Data shown »
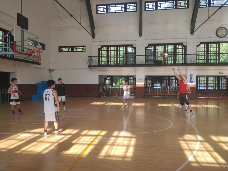 比赛的第一个环节是三分投篮游戏,是正式比赛前的“开胃小菜”。学生和教师以个人身份参加比赛,分别在一分钟之内三分线外投篮,比较投进数。这个环节数名同学与老师积极参加,争相投篮,高高跃起,把篮球投成一道优美的弧线,最后命中篮筐。最终,张润泽同学以10球的成绩名列前茅,史懿玮同学紧随其后,投进9球,洪桂祥老师和魏文隆同学投进6球,并列第三名。
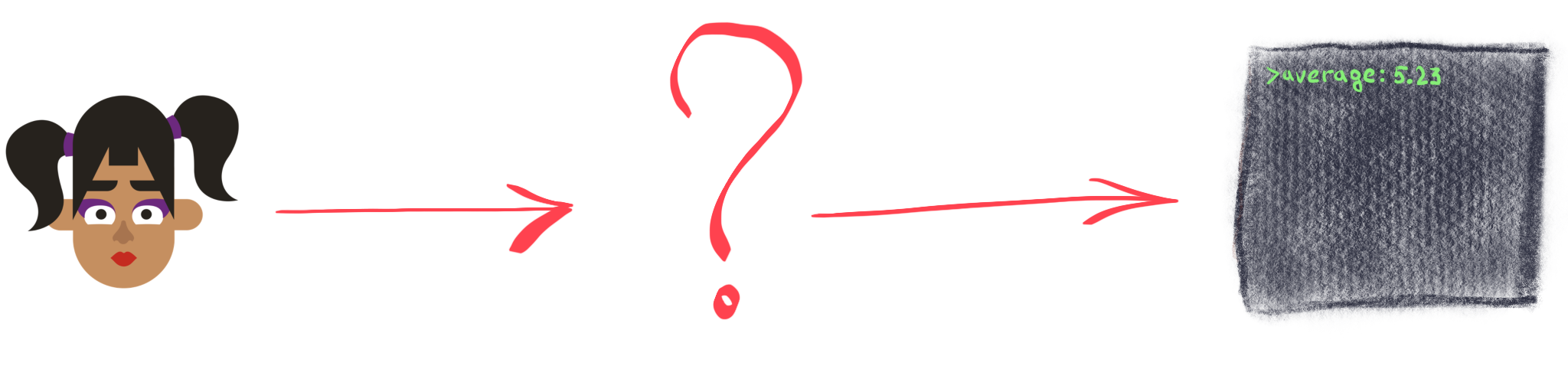 Now our problem is a bit easier - we need to get from a human to a number. “Print”, whatever it is, needs a number to operate. Since our goal is to calculate and show an average value, the previous step needs to take a list of numbers and, uhm, calculate their average:
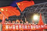 圖為日前在阿拉伯聯(lián)合酋長國舉行的第44屆世界技能大賽開幕式上,人們揮舞著中國國旗歡迎中國代表團(tuán)入場。
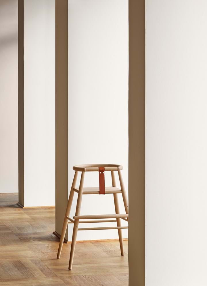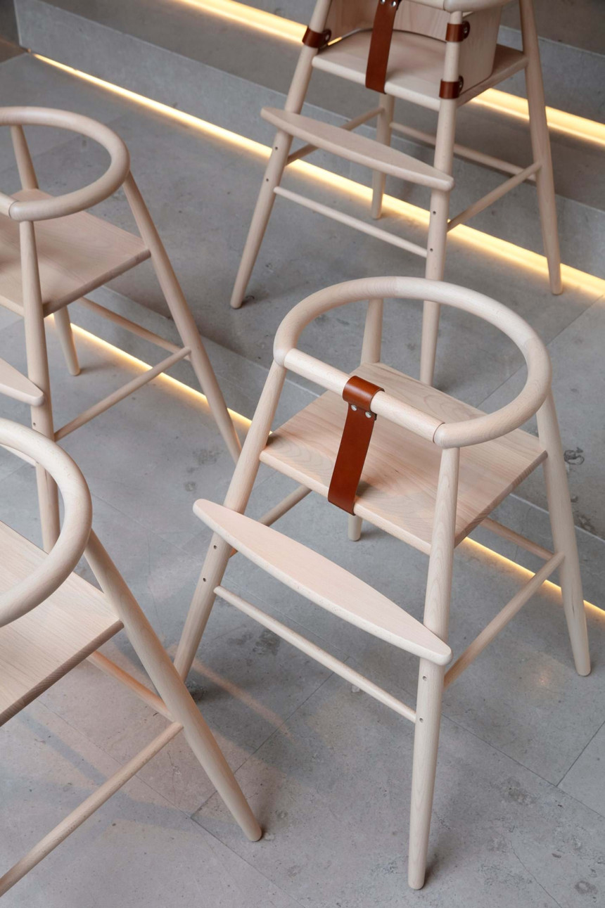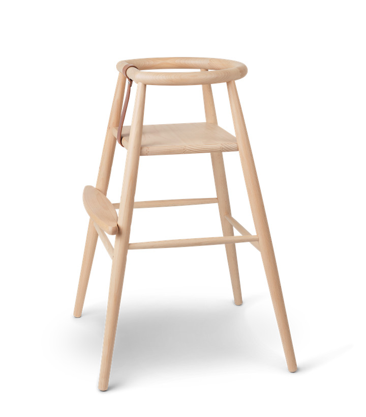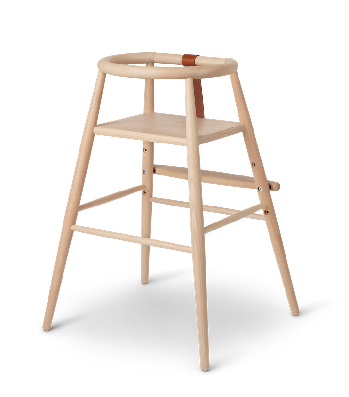 Nanna Ditzel’s ND54 Dining Chair is a beautiful and enduring piece of design, adaptable to the needs of growing children. Minimalist and sturdy, the FSC™-certified beech wood chair can be used by children up to 15 kg, providing a safe sitting place for them while dining at the table. Finished with matt lacquer for easy cleaning, it is also fitted with saddle leather straps to secure baby in place, as well as an optional back rest for additional comfort.
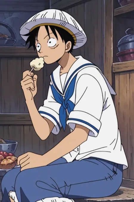 2.-luffy_ma,黑发,黑眼,脸上有疤痕,白衬衫,白帽子,蓝色围巾,水手领,蓝裤子,裤子卷起,
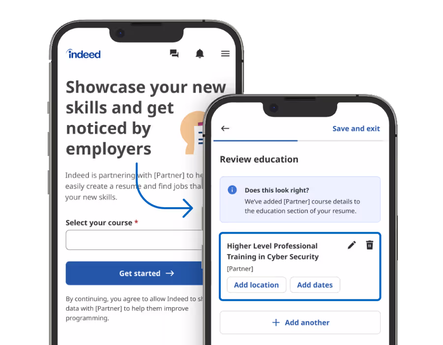 また、米国では、パートナーシップを通じてSkill Connect(英語のみ)というサービスも提供しています。Indeedのパートナー団体が提供する職業訓練プログラムを修了した求職者が、Skill Connect上で専用の履歴書作成手順に沿って、プログラムごとに事前に設定されたスキルや資格の候補を選択していくだけで、簡単に履歴書を作成することができるサービスです。求職者の受講履歴やスキル情報は、Indeed上で求人活動をしている企業に公開され、スキルを持つ人材を求める採用企業とのマッチングに活用されます。

Instructions for the task »
What is needed here is an exact repetition of the listing above, pictures excluded.

Reply to the task »
 比赛的第一个环节是三分投篮游戏,是正式比赛前的“开胃小菜”。学生和教师以个人身份参加比赛,分别在一分钟之内三分线外投篮,比较投进数。这个环节数名同学与老师积极参加,争相投篮,高高跃起,把篮球投成一道优美的弧线,最后命中篮筐。最终,张润泽同学以10球的成绩名列前茅,史懿玮同学紧随其后,投进9球,洪桂祥老师和魏文隆同学投进6球,并列第三名。
 Now our problem is a bit easier - we need to get from a human to a number. “Print”, whatever it is, needs a number to operate. Since our goal is to calculate and show an average value, the previous step needs to take a list of numbers and, uhm, calculate their average:
 圖為日前在阿拉伯聯(lián)合酋長國舉行的第44屆世界技能大賽開幕式上,人們揮舞著中國國旗歡迎中國代表團(tuán)入場。
 Nanna Ditzel’s ND54 Dining Chair is a beautiful and enduring piece of design, adaptable to the needs of growing children. Minimalist and sturdy, the FSC™-certified beech wood chair can be used by children up to 15 kg, providing a safe sitting place for them while dining at the table. Finished with matt lacquer for easy cleaning, it is also fitted with saddle leather straps to secure baby in place, as well as an optional back rest for additional comfort.
 2.-luffy_ma,黑发,黑眼,脸上有疤痕,白衬衫,白帽子,蓝色围巾,水手领,蓝裤子,裤子卷起,
 また、米国では、パートナーシップを通じてSkill Connect(英語のみ)というサービスも提供しています。Indeedのパートナー団体が提供する職業訓練プログラムを修了した求職者が、Skill Connect上で専用の履歴書作成手順に沿って、プログラムごとに事前に設定されたスキルや資格の候補を選択していくだけで、簡単に履歴書を作成することができるサービスです。求職者の受講履歴やスキル情報は、Indeed上で求人活動をしている企業に公開され、スキルを持つ人材を求める採用企業とのマッチングに活用されます。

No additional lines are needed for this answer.